St Stephen's AIDS Trust, Chelsea and Westminster Hospital, London, United Kingdom.
PLoS One. 2013 Sep 17;8(9):e73765. doi: 10.1371/journal.pone.0073765. eCollection 2013.
Preclinical studies of overlapping 15mer peptides, spanning SIV, SHIV or HIV, pulsed on autologous PBMC ex vivo have demonstrated high level, virus-specific T cell responses and viral suppression in non-human primates (NHP). Opal-HIV-Gag(c) consists of 120 synthetic 15mer peptides spanning Clade C, consensus Gag, manufactured to current good manufacturing practice; having been evaluated in a good laboratory practice toxicology study in Macaca mulatta. We evaluated the safety and preliminary immunogenicity of such peptides administered intravenously after short-duration ex vivo incubation, to HIV-positive adults on suppressive antiretroviral therapy.
A first-in-human, placebo-controlled, double-blind, dose escalation study was conducted. Twenty-three patients with virus suppressed by antiretroviral therapy were enrolled in four groups 12 mg (n = 6), 24 mg (n = 6), 48 mg (n = 2) or matching placebo (n = 8). Treatment was administered intravenously after bedside enrichment of 120 mL whole blood for white cells using a closed system (Sepax S-100 device), with ex vivo peptide admixture (or diluent alone) and 37°C incubation for one hour prior to reinfusion. Patients received 4 administrations at monthly intervals followed by a 12-week observation post-treatment. Opal-HIV-Gag(c) was reasonably tolerated at doses of 12 and 24 mg. There was an increased incidence of temporally associated pyrexia, chills, and transient/self-limiting lymphopenia in Opal-HIV-Gag(c) recipients compared to placebo. The study was terminated early, after two patients were recruited to the 48 mg cohort; a serious adverse event of hypotension, tachycardia secondary to diarrhoea occurred following a single product administration.
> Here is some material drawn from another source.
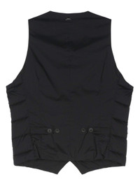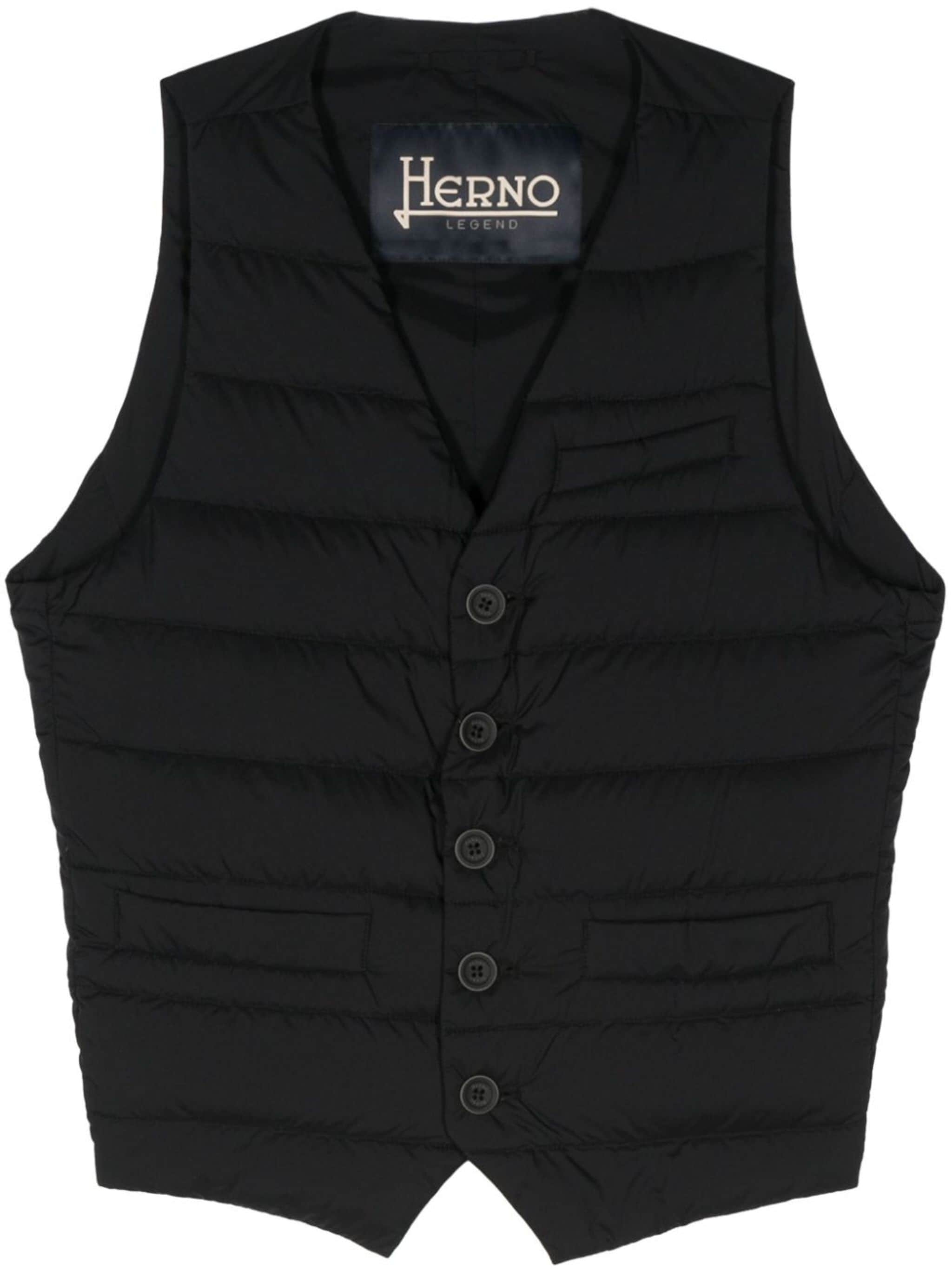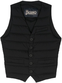 black goose down padded quilted panels plunging V-neck sleeveless chest welt pocket two front welt pockets adjustable strap to the rear full lining front button placket Size & Fit Model Measurements: Height: 1.88 m Bust/Chest: 95.0 cm Hips: 92.0 cm Waist: 72.0 cm Model wears size 48 Fabric and Care Designer Style ID: PI002ULE12456Z Designer Colour: 9300 BLACK Composition: Outer: Polyamide 100%, Polyurethane 100%, Polyester 100%; Lining: Polyamide 100%, Polyurethane 100%, Goose down 100% Washing instructions: Dry Clean Only Made in Romania

An infectious cause for the event could not be identified, leaving the possibility of immunologically mediated product reaction.
A serious, potentially life-threatening event of hypotension led to early, precautionary termination of the study. In the absence of a clearly defined mechanism or ability to predict such occurrence, further development of Opal-HIV-Gag(c) will not be undertaken in the current form.
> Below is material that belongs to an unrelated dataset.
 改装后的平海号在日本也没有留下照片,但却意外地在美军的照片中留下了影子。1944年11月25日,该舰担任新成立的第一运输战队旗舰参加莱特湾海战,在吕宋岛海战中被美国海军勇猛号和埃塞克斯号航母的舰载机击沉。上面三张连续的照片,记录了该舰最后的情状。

ClinicalTrials.gov NCT01123915; EudraCT: 2008-005142-23.
在体外对重叠的 15 mer 肽进行预临床研究,这些肽跨越 SIV、SHIV 或 HIV,并用自体 PBMC 脉冲刺激,已在非人类灵长类动物(NHP)中证明了高水平、病毒特异性的 T 细胞反应和病毒抑制。Opal-HIV-Gag(c) 由 120 个合成的 15 mer 肽组成,跨越 Clade C、共识 Gag,按照当前良好生产规范制造;已经在猕猴中进行了良好实验室规范毒理学研究的评估。我们评估了静脉内给予此类肽的安全性和初步免疫原性,这些肽在体外孵育短时间后,给予接受抑制性抗逆转录病毒治疗的 HIV 阳性成年人。
进行了首例人类、安慰剂对照、双盲、剂量递增研究。23 名病毒被抗逆转录病毒治疗抑制的患者被分为四组,12mg(n=6)、24mg(n=6)、48mg(n=2)或匹配的安慰剂(n=8)。在床边使用封闭系统(Sepax S-100 设备)从 120ml 全血中富集白细胞后,静脉内给予治疗,在重新输注前进行外源性肽混合物(或单独稀释剂)和 37°C 孵育 1 小时。患者每月接受 4 次治疗,然后在治疗后进行 12 周的观察。在 12 和 24mg 剂量下,Opal-HIV-Gag(c) 可合理耐受。与安慰剂相比,Opal-HIV-Gag(c) 接受者发热、发冷和短暂/自限性淋巴细胞减少的发生率增加,且与治疗相关。该研究在两名患者被招募到 48mg 队列后提前终止,单次产品给药后发生低血压、心动过速继发腹泻的严重不良事件。无法确定该事件的感染原因,留下免疫介导的产品反应的可能性。
低血压严重、潜在危及生命的事件导致研究提前预防性终止。在没有明确的机制或预测这种情况的能力的情况下,将不会以当前形式进一步开发 Opal-HIV-Gag(c)。
ClinicalTrials.gov NCT01123915;EudraCT:2008-005142-23。